LCD (Liquid crystal display) is a widely used flat panel display, and mainly uses Liquid crystal switches to modulate the light field intensity of a backlight source to realize image display.

The LCD has many display modes, and among them, the VA mode is a common display mode having advantages of high contrast, wide viewing angle, no rubbing alignment, and the like. However, VA displays use vertically rotating liquid crystals, and the difference of birefringence of liquid crystal molecules is large, which causes a serious problem of color shift (color shift) at a large viewing angle.

Therefore, it is an urgent need to provide a new liquid crystal display circuit capable of reducing color shift.

Disclosure of Invention

The embodiment of the application provides a liquid crystal display circuit, a liquid crystal display circuit driving method and a display panel. Color shift can be reduced.

The embodiment of the application provides a liquid crystal display circuit, including:

the pixel units are arranged in a rectangular array, and each pixel unit comprises a first pixel area and a second pixel area;

a plurality of data lines connected to the pixel units to input data information to the pixel units, each of the data lines including a first signal line and a second signal line;

a plurality of scanning lines for connecting with the pixel units to transmit driving signals to the pixel units;

a first clock signal line connected to the first signal line;

a second clock signal line connected to the second signal line;

wherein the first clock signal line controls the first signal line, the second clock signal line controls the second signal line, and the first clock signal line and the second clock signal line are alternately turned on or off to make the first pixel region and the second pixel region at different potentials.

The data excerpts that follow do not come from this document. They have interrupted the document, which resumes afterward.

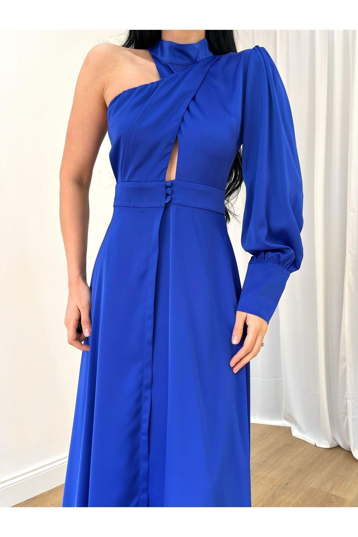 Abiye Kadın Çapraz Boyun Bağlı Tek Kollu Derin Bacak Dekolteli Saten Elbise – Abiye ve Mezuniyet Abiye Kadın Çapraz Boyun Bağlı Tek Kollu Derin Bacak Dekolteli Saten Elbise – Abiye ve Mezuniyet MSCX061 L
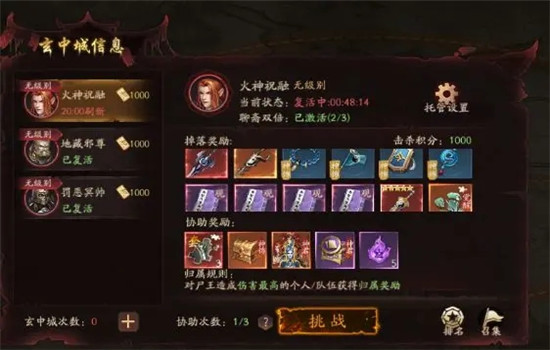 藏经法会 每周一、三、五、日19:30开启。吐纳行功,找等级和自己相差越大的帮派成员传功,获得的经验越多哦! 混沌鬼都 每天19:45-23:00开放,由帮主/副帮主或者帮派成员投票开启。开启后需要限时内杀死邪祟,击杀越快星级越高,最高三星。邪祟中途会召唤小怪来保护自己,只有清完小怪才能继续击杀。挑战成功后,个人排行奖励会自动发放至背包。道友们别着急退出地图,接下来就是参与击杀邪祟的道友们比拼手气的时候啦!投掷骰子点数最高可获得额外装备奖励!!! 恶鬼蚀天 每周二、四、六19:30开启。活动场景内有4位NPC共同守护结阵,恶鬼想要侵蚀帮派,必须要打破此阵。每个NPC都为道友带来额外的恶鬼经验加成,若NPC死亡,则失去对应的经验加成。道友们的任务就是守护NPC,击杀恶鬼们。击杀恶鬼可获得大量经验,每波结束可获得银锭、帮派建设度奖励。鼓舞(5次铜板+5次银锭鼓舞)可以增加全体帮众的20%伤害,还有额外名帖奖励。活动结束后,发放个人奖励,并开启帮派拍卖行。道友们可自行竞拍需要的道具哦! 特权双特权搭配,干活不累!!! 小铃铛偷偷买了尸王助手+至尊特权,非常好用哇!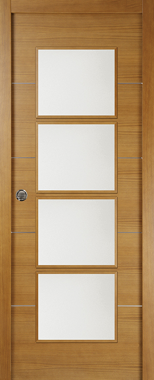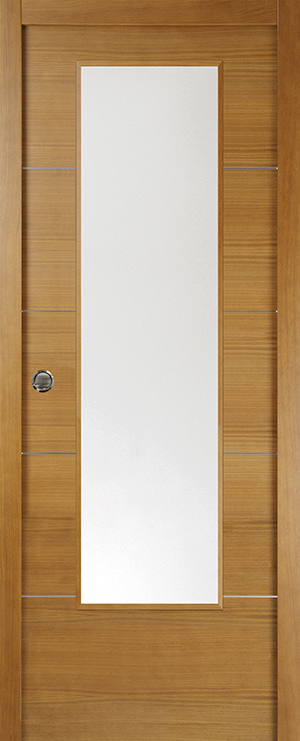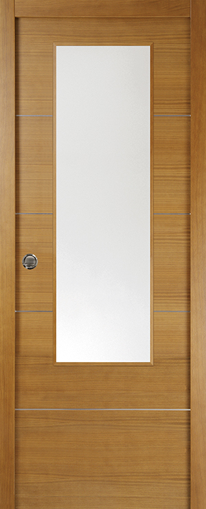 Eskuz egindako atea tindatutako haritz xafla naturalean.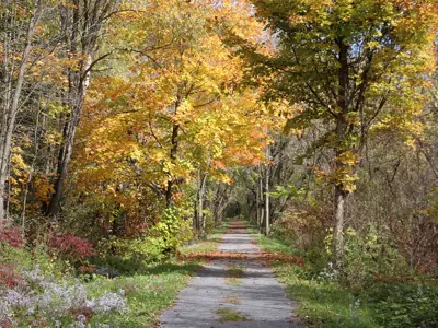 In forested areas, the trail provides sunlit edges to the otherwise shaded forest floor. These edges permit the growth of sun-tolerant vegetation such as wild apple trees, berry bushes and grass, thereby enhancing the forage possibilities for numerous animal species. The observant trail user will encounter: a variety of birds including herons, ospreys and turkeys; several varieties of turtle including the snapping turtle; several species of snake including the endangered black rat snake; and numerous mammals such as mice, chipmunks, squirrels, rabbits, otters, foxes, coyotes, and deer.

In some embodiments: the first signal line is provided with a first switch, the second signal line is provided with a second switch, the first clock signal line is connected with the first switch, and the second clock signal line is connected with the second switch.

In some embodiments, the first switch controls the first signal line, the second switch controls the second signal line, and the first signal line and the second signal line are of opposite polarity.

In some embodiments, the first switch is a P-type switch and the second switch is an N-type switch.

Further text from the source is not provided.